Matthew Ryan of MFS Investment Management looks at how emerging market debt has evolved to better withstand market fluctuations
Emerging markets debt has been “rebranded” and “re-priced” in recent years. No longer just a high beta, high volatility asset class, EM debt has evolved into a more stable source of superior returns. This is a far cry from the roller coaster ride of volatility experienced during the crisis-prone 1990’s. The last decade has seen improving economic fundamentals underpin an enviable record of solid returns and reduced volatility.
For the skeptics, the global financial crisis of 2007-2009 was to be the “mother of all” stress tests. Emerging markets passed the test with flying colors. Entering the crisis with better average credit metrics than the major developed countries, EM countries exited the crises even stronger on a relative basis. As a result, we view the asset class increasingly as an alpha story, one that could outperform over both bull and bear market cycles.
How were emerging markets able to pass the “stress test”? Essentially by learning from past mistakes. The emerging markets crises of the 1990’s were cathartic. Policymakers recognised the need for more stable macro conditions and market friendly reforms. This meant reducing public sector indebtedness, freeing-up exchange rates, building foreign exchange reserves, reining in inflation and improving banking systems.
It also meant deregulation, privatisation, and a reduction in the state’s role in the economy. Building a solid macroeconomic foundation for growth and allowing the private sector to exploit this more business friendly landscape paved the way for world class companies to take root. It also provided an antidote to the boom-bust patterns of past government dominated cycles. Allowing the private sector to become the engine of growth has provided the path to sustainable growth in activity, investment and income.
In the case of emerging markets debt, the broad rally in risk assets from 2002 to 2007 was not simply a cyclical phenomenon built on leverage and unsustainable policies (as it was in some developed markets). Rather it was built on structural reforms and – in many cases – public sector deleveraging.
The road ahead
How will the story play out going forward? First of all, we believe emerging market economies to create and account for a growing share of the global economy. Second, we think these economies may see a healthy transition from export-led growth to greater domestic demand, characterised by higher household consumption and more public and private investment. Instead of funding developed country deficits, more emerging market savings will be directed toward new infrastructure and opportunities in their own economies. More broadly, we see this evolution in emerging market growth patterns as part of the global adjustment process and a necessary counterpoint to the balance sheet repair and lower demand that will ensue in developed country economies over the medium-term.

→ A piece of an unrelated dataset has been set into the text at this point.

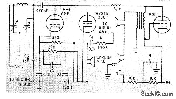 With switch in transmit position, carbon mike gets some of r-f amplifier current, and audio signals in last audio stage Heising-modulate transmitter. During reception, receiver local oscillator gets plate voltage, loudspeaker is connected, and cathodes of transmitter cry still oscillator and r-f amplifier are made positive to cut them off.-L. Solomon, Citizens Band Equipmenl Design, Electronics, 33:45, p 70-72.

Recent worries about sovereign risk and the increasingly unsustainable debt dynamics of Greece, Ireland, Portugal, Spain, UK, US, Japan, and other developed markets only underscore the “policy decoupling” of emerging markets from developed markets. While sovereign balance sheets of developed nations have deteriorated in the wake of massive fiscal rescue packages, those of emerging market nations have seen only modest weakening (and generally from a much sounder base). This balance sheet divergence will contribute further to the GDP growth differential between emerging and developed economies.